His shoulders bend in, the serious, disbelieving equivalent of a laugh. He spent the afternoon wondering how quickly his colleagues would look at him, look at Buffy and call bullshit on the whole thing. He works with smart people, and they can work out how unlikely it is that Buffy, who could have anyone, would choose him.
“I really appreciate this,” he tells her quietly instead, and she sighs, nodding, and looks slightly more relaxed.
“We can pull this off,” she says to the both of them, then quickly reverts to mild nervousness. “Should I know more of your colleagues? A girlfriend probably would know more.”
Angel shakes his head. “There’s no one famous, and my friends won’t expect you to have gotten a quiz on them.”
They reach the house. Angel stops walking and takes a breath. As they get closer, they’re joined on the path by other faculty members. Angel nods to the ones he recognizes but doesn’t stop to chat. Buffy’s looking even tenser as they pause in front of the gate and then begin walking up toward the house, a classic white two-story. The provost hires the same father-son company to come touch up the blue paint on the shutters every spring.
“Okay,” Buffy says, clearly psyching herself up to go inside. “Okay.” Angel smiles a little at the determined tilt of her chin. He opens the gate and they walk up the path. Just before he knocks on the door, Buffy takes his hand. He knows it’s probably meant to look natural, to establish them as a couple. Instead he’s gawping like it’s a prize he’s won and doesn’t look up at Edna May until she clears her throat and says, “Angel. Lovely to see you.”
“You too,” he says, slightly abruptly but still thankful for the automatic nature of polite conversation.
“I’d love to have a chat with you, so don’t leave before we have a few minutes to catch up.” Edna May asks as usual, her eyes with their typical slightly too-high intensity. Angel’s glad when she turns her gaze away from him and softens, asking, “Now, who’s this?”
“This is Buffy. My girlfriend.”
Buffy squeezes his hand, but outwardly shines a smile across the threshold. “Nice to meet you. Angel was just saying that your cooking will be the highlight of the evening.”
“Well, how sweet of you to say.” Edna May smiles and steps to usher them in. Angel keeps hold of Buffy’s hand as they enter the Wilkins house. They’re in it now.
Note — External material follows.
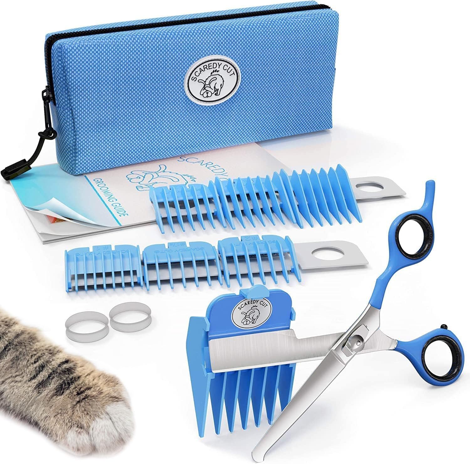 Scaredy Cut Silent Pet Grooming Kit voor honden, katten en alle verzorging van huisdieren – een rustig alternatief voor elektrische knippers voor gevoelige huisdieren (rechtshandig blauw)

Twenty minutes later they’ve sampled finger foods and small-talked with what seems like a thousand of Angel’s colleagues, but haven’t yet been cornered by the provost himself.
“If he doesn’t come over in a minute, we’ll find him,” Angel promises, although voluntarily going to see Wilkins feels nerve-wrackingly reckless. But he senses that Buffy’s getting a little worn out from holding the cheerleader smile on her face and having the same irritating, intrusive questions posed to them.
“But how am I going to get party conversation bingo if we don’t keep mingling?” Buffy asks quietly, and the humor that remains in her voice despite the awkward stress of the evening reminds Angel of just why she’d seemed like the only one he’d want to join him in this absurd scheme.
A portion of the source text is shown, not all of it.